Nanotherapeutics is developing an inhaled version of the injectable drug, gentamicin, a broad-spectrum antibiotic, to be used as a first-line therapy for pneumonic plague and tularemia, Category A bioterrorism agents. Both diseases are highly infectious and could pose a serious danger if used as an aerosolized biological weapon. Using its novel particle formulation, the company has developed NanoGENT™, an inhaled dry-powder formulation of gentamicin, to provide early treatment for exposure to biological warfare agents, as well as TB and other respiratory infections. In the event of an accidental or deliberate exposure to these agents, noninvasive drug delivery systems, such as improved inhaled and nasal delivery would be especially beneficial for administering wide-spread immediate post-exposure prophylaxis and treatment using disposable multi-dose inhalers with adequate shelf-life stability.
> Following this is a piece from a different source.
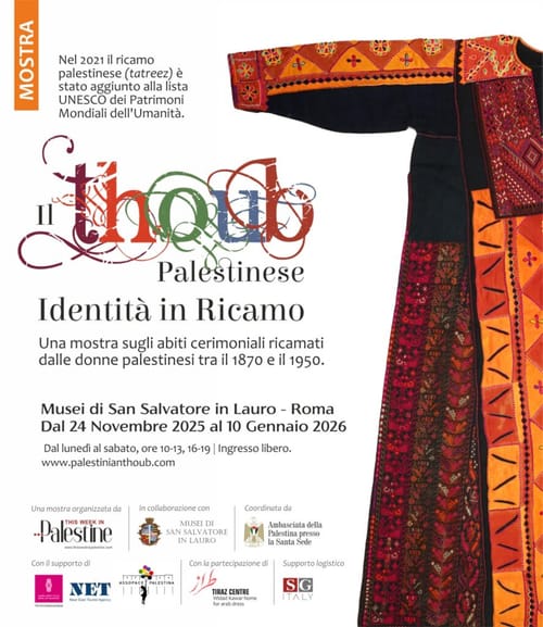Ai Musei di San Salvatore in Lauro (tra via dei Coronari e Lungotevere Tor di Nona) a Roma, dal 24 novembre 2025 al 10 gennaio 2026, si terrà una mostra sugli abiti cerimoniali ricamati delle donne palestinesi, con il supporto di AssopacePalestina.
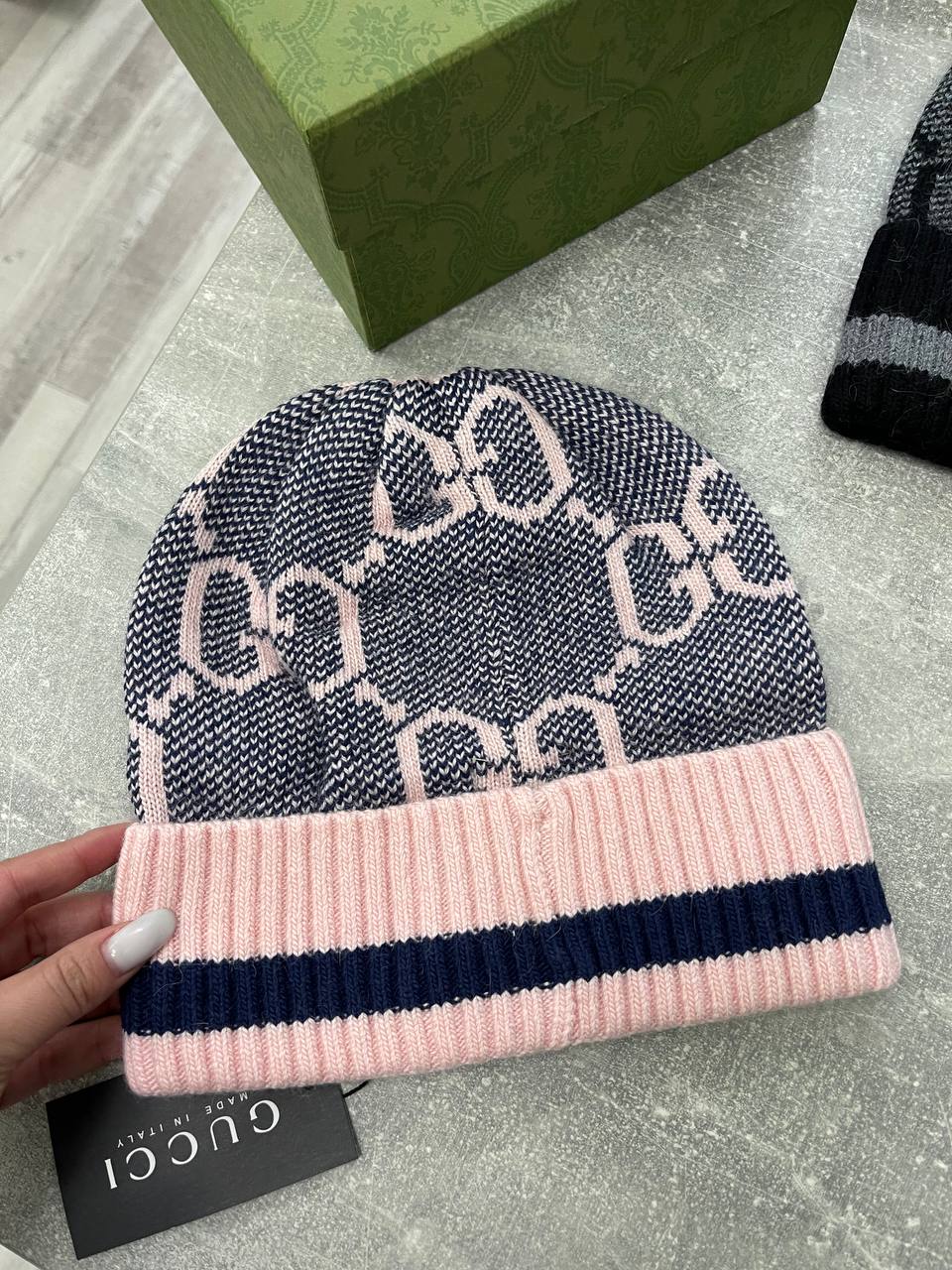 Шапка Gucci LUX-98854 представляет собой стильный и теплый аксессуар для холодного времени года. Шапка выполнена в розово-синем цвете с узором логотипа бренда. Она обладает мягкой текстурой и предназначена для повседневного использования, дополняя различные образы.

Gentamicin, the front-line therapy for plague and tularemia, is a generic drug approved by the FDA for injection. For many years it has been used in a saline nebulized version to treat Pseudomonas respiratory infections, particularly in patients with cystic fibrosis. Nanotherapeutics and its collaborators will continue the clinical development of NanoGENT™ and expect to bring it to human clinical trials to evaluate the safety and pharmacokinetics in the fourth year of its NIAID/BARDA contract. This project has been funded in whole or in part with Federal funds from the National Institute of Allergy and Infectious Disease, National Institutes of Health (NIAID) and the Biomedical Advanced Research and Development Authority (BARDA), Department of Health and Human Services (DHHS), under Contract No. HHSN27220070030C.